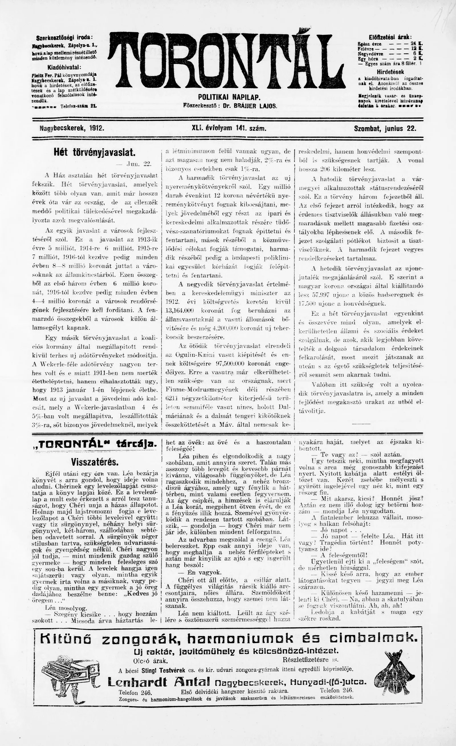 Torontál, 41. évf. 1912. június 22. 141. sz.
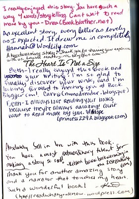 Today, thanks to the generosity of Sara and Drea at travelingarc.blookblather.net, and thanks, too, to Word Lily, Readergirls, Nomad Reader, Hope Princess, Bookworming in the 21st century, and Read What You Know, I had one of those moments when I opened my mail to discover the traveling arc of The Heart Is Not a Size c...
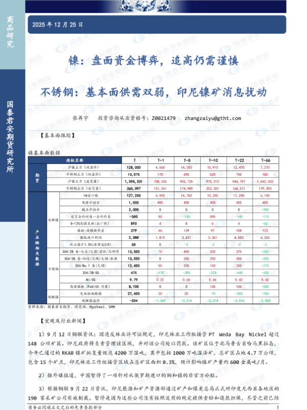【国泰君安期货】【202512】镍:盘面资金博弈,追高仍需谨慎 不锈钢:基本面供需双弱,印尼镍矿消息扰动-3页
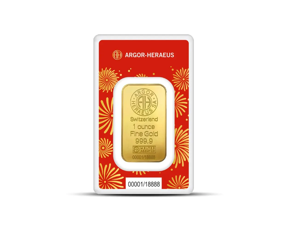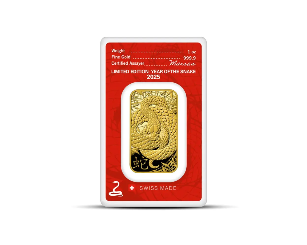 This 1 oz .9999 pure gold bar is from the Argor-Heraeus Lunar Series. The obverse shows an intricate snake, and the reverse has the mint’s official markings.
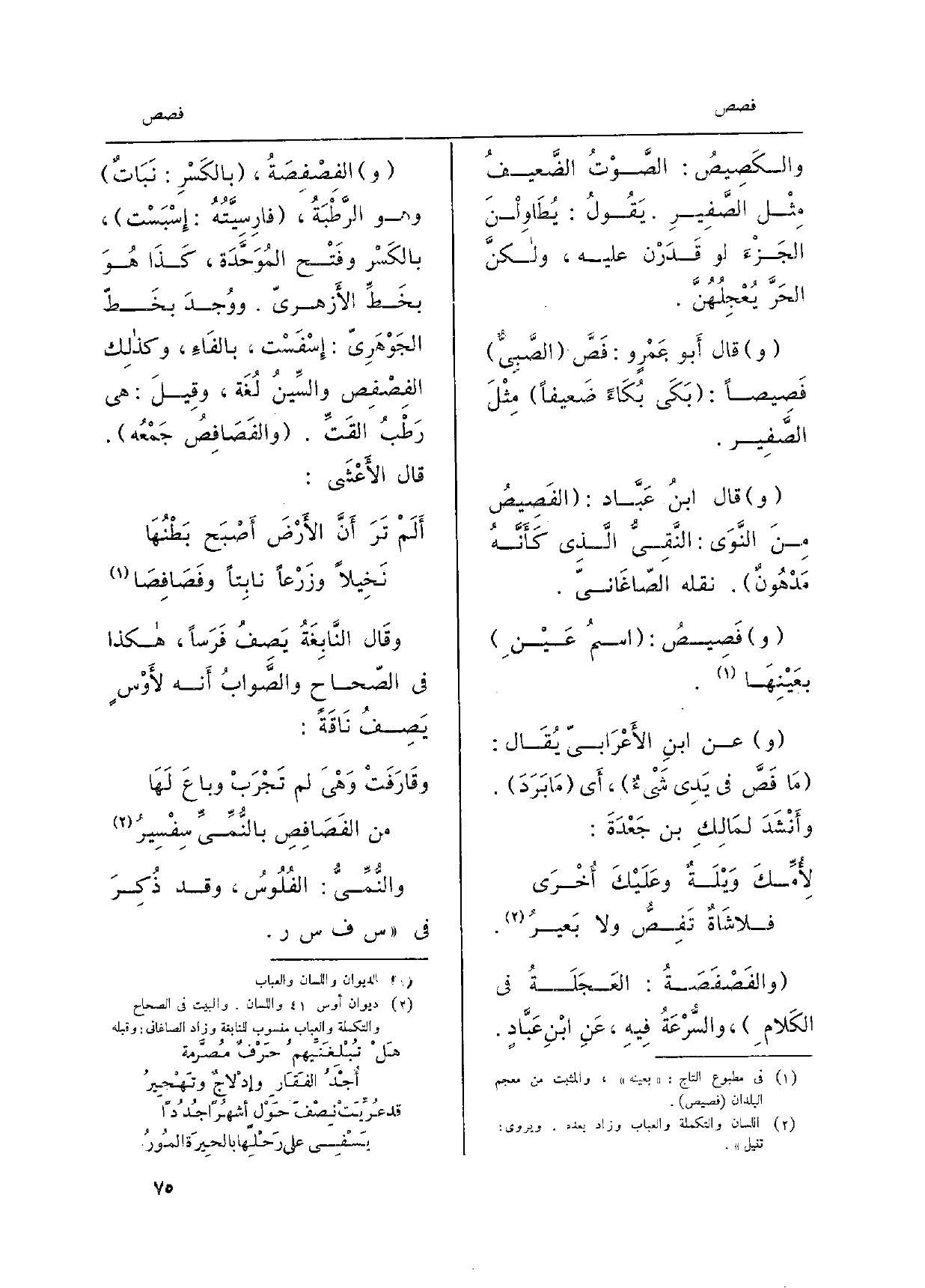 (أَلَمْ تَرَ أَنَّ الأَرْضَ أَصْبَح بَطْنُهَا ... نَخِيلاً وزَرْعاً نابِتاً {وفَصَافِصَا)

####

» **Your goal**
Print the lines from the one holding "Today, thanks to" through the last line of the records, word for word, and omit the pictures.

» **Answer below**
 Today, thanks to the generosity of Sara and Drea at travelingarc.blookblather.net, and thanks, too, to Word Lily, Readergirls, Nomad Reader, Hope Princess, Bookworming in the 21st century, and Read What You Know, I had one of those moments when I opened my mail to discover the traveling arc of The Heart Is Not a Size c...
【国泰君安期货】【202512】镍:盘面资金博弈,追高仍需谨慎 不锈钢:基本面供需双弱,印尼镍矿消息扰动-3页
 This 1 oz .9999 pure gold bar is from the Argor-Heraeus Lunar Series. The obverse shows an intricate snake, and the reverse has the mint’s official markings.
 (أَلَمْ تَرَ أَنَّ الأَرْضَ أَصْبَح بَطْنُهَا ... نَخِيلاً وزَرْعاً نابِتاً {وفَصَافِصَا)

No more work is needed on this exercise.